### EXERCISE PROMPT
Only one part of the listing is needed: the lines from the one with "В тетрадке у" through the last line, copied exactly and free of pictures.

### RECORDS

┌──

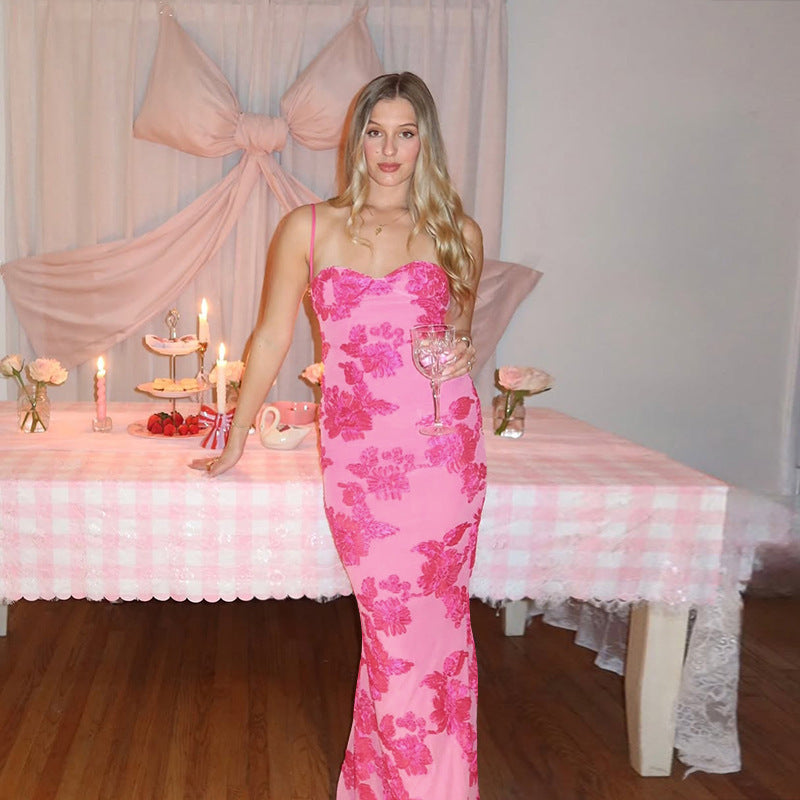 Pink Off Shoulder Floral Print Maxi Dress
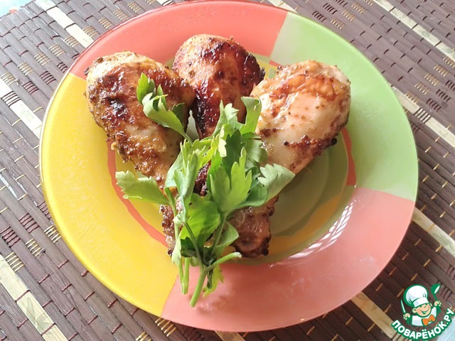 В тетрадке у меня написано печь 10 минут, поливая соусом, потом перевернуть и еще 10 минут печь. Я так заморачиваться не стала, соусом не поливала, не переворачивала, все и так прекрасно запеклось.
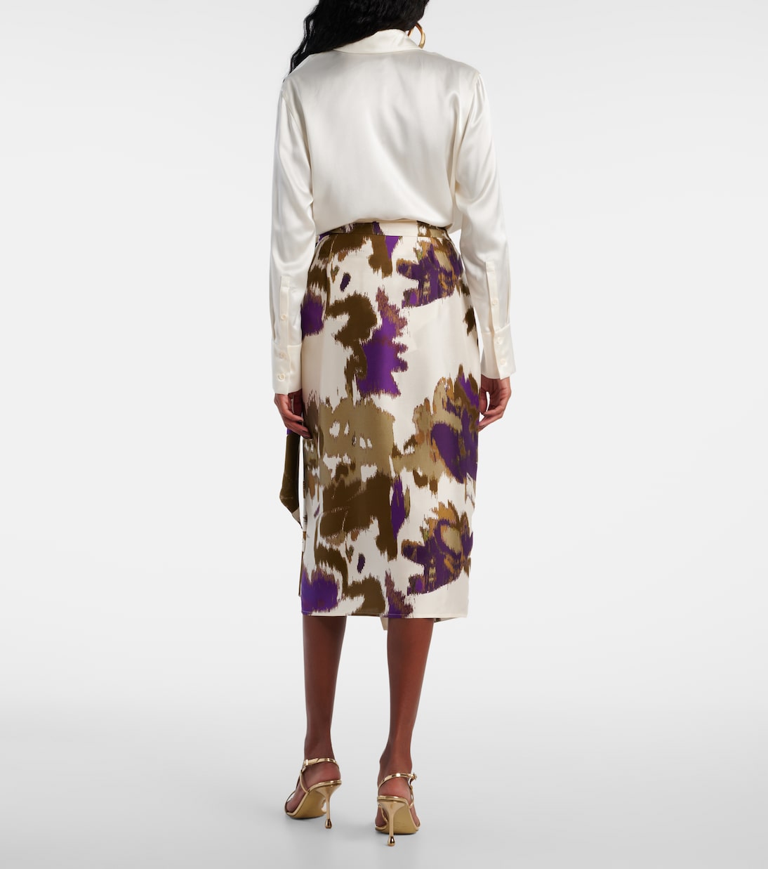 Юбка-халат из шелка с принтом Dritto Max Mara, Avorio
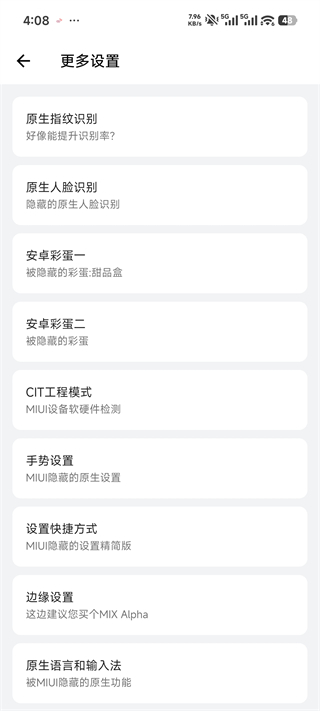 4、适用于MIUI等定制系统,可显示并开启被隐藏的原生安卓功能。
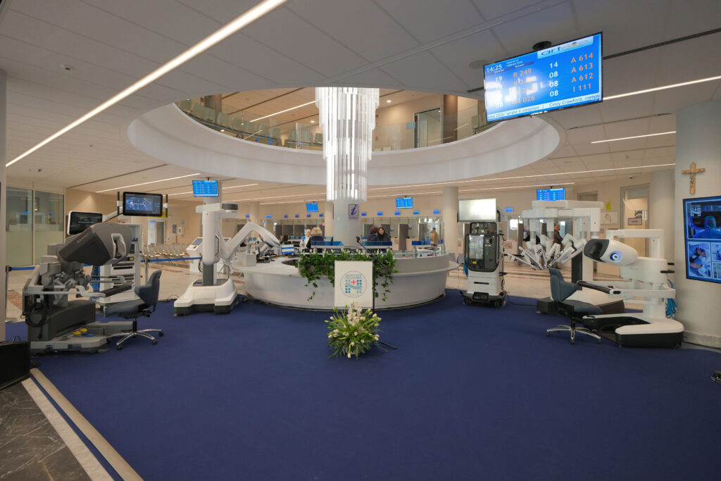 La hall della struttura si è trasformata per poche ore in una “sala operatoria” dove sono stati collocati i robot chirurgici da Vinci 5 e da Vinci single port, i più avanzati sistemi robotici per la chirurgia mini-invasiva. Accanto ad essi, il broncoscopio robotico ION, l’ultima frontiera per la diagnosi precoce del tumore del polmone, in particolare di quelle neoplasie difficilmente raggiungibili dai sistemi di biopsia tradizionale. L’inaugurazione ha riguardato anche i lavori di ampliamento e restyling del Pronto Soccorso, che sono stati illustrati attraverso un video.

└──

### TASK SOLUTION
 В тетрадке у меня написано печь 10 минут, поливая соусом, потом перевернуть и еще 10 минут печь. Я так заморачиваться не стала, соусом не поливала, не переворачивала, все и так прекрасно запеклось.
 Юбка-халат из шелка с принтом Dritto Max Mara, Avorio
 4、适用于MIUI等定制系统,可显示并开启被隐藏的原生安卓功能。
 La hall della struttura si è trasformata per poche ore in una “sala operatoria” dove sono stati collocati i robot chirurgici da Vinci 5 e da Vinci single port, i più avanzati sistemi robotici per la chirurgia mini-invasiva. Accanto ad essi, il broncoscopio robotico ION, l’ultima frontiera per la diagnosi precoce del tumore del polmone, in particolare di quelle neoplasie difficilmente raggiungibili dai sistemi di biopsia tradizionale. L’inaugurazione ha riguardato anche i lavori di ampliamento e restyling del Pronto Soccorso, che sono stati illustrati attraverso un video.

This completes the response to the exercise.